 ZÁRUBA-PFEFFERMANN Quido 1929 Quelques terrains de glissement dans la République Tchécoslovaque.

==

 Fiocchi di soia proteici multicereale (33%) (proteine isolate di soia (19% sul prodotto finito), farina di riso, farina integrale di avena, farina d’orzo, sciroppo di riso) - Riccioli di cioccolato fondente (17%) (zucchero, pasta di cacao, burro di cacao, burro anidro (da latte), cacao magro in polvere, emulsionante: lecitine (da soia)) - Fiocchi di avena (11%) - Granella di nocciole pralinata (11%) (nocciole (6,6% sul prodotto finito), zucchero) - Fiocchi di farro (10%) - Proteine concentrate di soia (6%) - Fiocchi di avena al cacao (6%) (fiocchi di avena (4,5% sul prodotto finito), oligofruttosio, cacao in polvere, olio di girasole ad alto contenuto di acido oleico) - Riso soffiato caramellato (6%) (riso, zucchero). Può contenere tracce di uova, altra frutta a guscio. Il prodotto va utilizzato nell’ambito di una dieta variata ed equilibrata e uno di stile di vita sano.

--

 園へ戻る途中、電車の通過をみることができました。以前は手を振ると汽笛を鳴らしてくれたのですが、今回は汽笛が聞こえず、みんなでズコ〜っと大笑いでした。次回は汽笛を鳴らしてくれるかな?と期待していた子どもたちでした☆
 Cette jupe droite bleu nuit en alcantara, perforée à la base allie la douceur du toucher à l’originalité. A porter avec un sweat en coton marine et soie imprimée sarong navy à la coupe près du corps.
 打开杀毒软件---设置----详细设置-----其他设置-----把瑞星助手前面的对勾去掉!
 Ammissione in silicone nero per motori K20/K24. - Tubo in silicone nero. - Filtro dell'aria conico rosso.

**Your objective**
One stretch of the lines above is wanted, from the line that contains "打开杀毒软件---设置----详细设置-----其他设置" through the line that contains "Ammissione in silicone". Output it exactly.

**Finished task**
 打开杀毒软件---设置----详细设置-----其他设置-----把瑞星助手前面的对勾去掉!
 Ammissione in silicone nero per motori K20/K24. - Tubo in silicone nero. - Filtro dell'aria conico rosso.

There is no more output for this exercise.